Unlike the days of old, when natural-fiber clothing meant a one-size-fits-all outfit that made you look like Saggy Baggy the Elephant, today you can wear your environmentalism on your sleeve without sacrificing style. Out of a growing concern for the textile industry’s environmental impact, an increasing number of designers are turning to earth-friendly fabrics and calling their work eco-fashion.
“People are beginning to understand how much difference they can make just by what they choose to wear,” says fashion designer Linda Loudermilk, who uses only sustainable fabrics in a high-end line she calls luxury eco. Her pieces, which range in price from $350 to $1,700, include bamboo dresses and “sherpas” that feel like sheepskin but are made from recycled plastic bottles and cotton. She designs with organic cotton, soy, sea cell, reclaimed antique lace, and sasawashi, for which she owns the U.S. patent. Loudermilk calls the women she dresses metro-naturalists. “They’re women who live in the city, are very social, and go clubbing,” she says. “They love fashion and style. They want to look good, but they want to do good, too.”
Designer Eileen Fisher, who’s a dedicated yogi, agrees with Loudermilk that what you wear is a reflection not only of who you are, but also of what you stand for. For that reason her company has adopted environmental concern as a primary focus. “We used to think that ‘natural’ was enough,” says Fisher, whose name and company have been linked with social consciousness for the 21 years she’s been in business. “But the industry is beginning to realize that we need to do more. I’ve always preferred using natural fibers.
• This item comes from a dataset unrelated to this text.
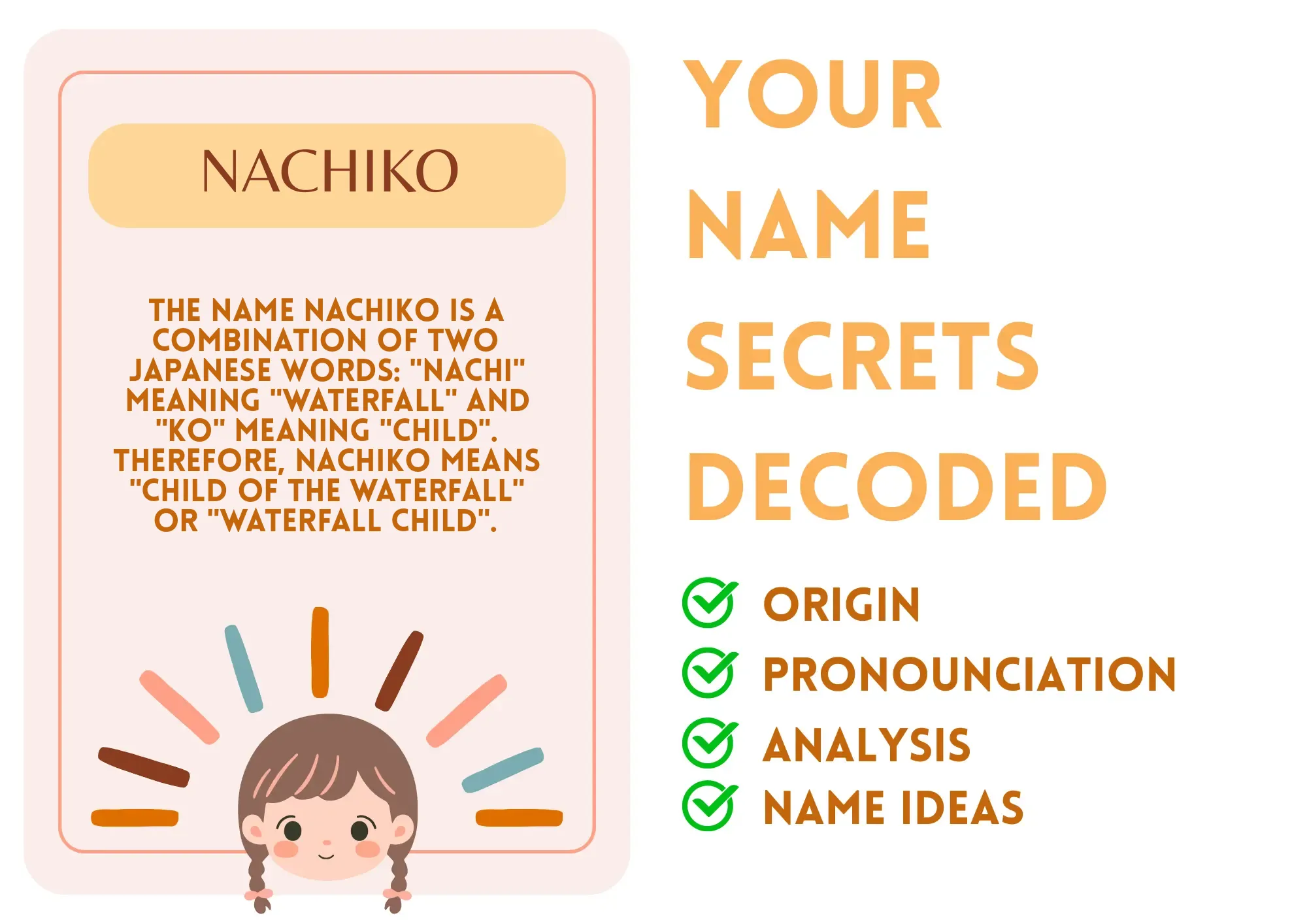 Meaning: The name Nachiko is a combination of two Japanese words: "nachi" meaning "waterfall" and "ko" meaning "child". Therefore, Nachiko means "child of the waterfall" or "waterfall child".

But the more we know about them, the more we realize we have yet to learn.”
Fisher has been using organic cotton in her clothes for the past three years. “We’re a large enough company that when we buy organic, we have an influence on the industry.” The influence trickles down slowly through wholesalers, manufacturers, and growers. “We may be taking small steps,” she says of her company and peers who are moving toward organics. “But we’re on the right path.”
Indeed, industry watchers are predicting that eco-fashion may launch the most revolutionary changes seen in fabrics and fashion in decades. FutureFashion, the first haute couture eco-fashion runway show, premiered at last year’s New York Fashion Week and featured the eco-styles of 28 designersincluding Diane von Furstenburg, Heatherette, Halston, and Oscar de la Renta.
Earth-friendly style is also the theme of “Catwalk on the Wild Side,” a San Francisco runway show produced by Wildlife Works, a company based in both Sausalito, California, and Kenya that makes organic cotton contemporary fashion for women. Among the apparel featured at last June’s event were Bono’s Edun line of organic cotton T-shirts; outdoor fashions by Nike, Prana, and Patagonia; Ashley Paige swimwear; and jeans from Rogan Gregory. (This year, Catwalk on the Wild Side will take place June 10 at the San Francisco Design Center; for more information visit www.wildlifeworks.com.)
Designer Loudermilk, who participates in Catwalk, declares, “It is important to show people that going sustainable is not just for hikers. As fashion leaders it is our responsibility to use our influence to make the media listen and to share the information with consumers. It is also our responsibility to use materials that will not continue to harm the earth.”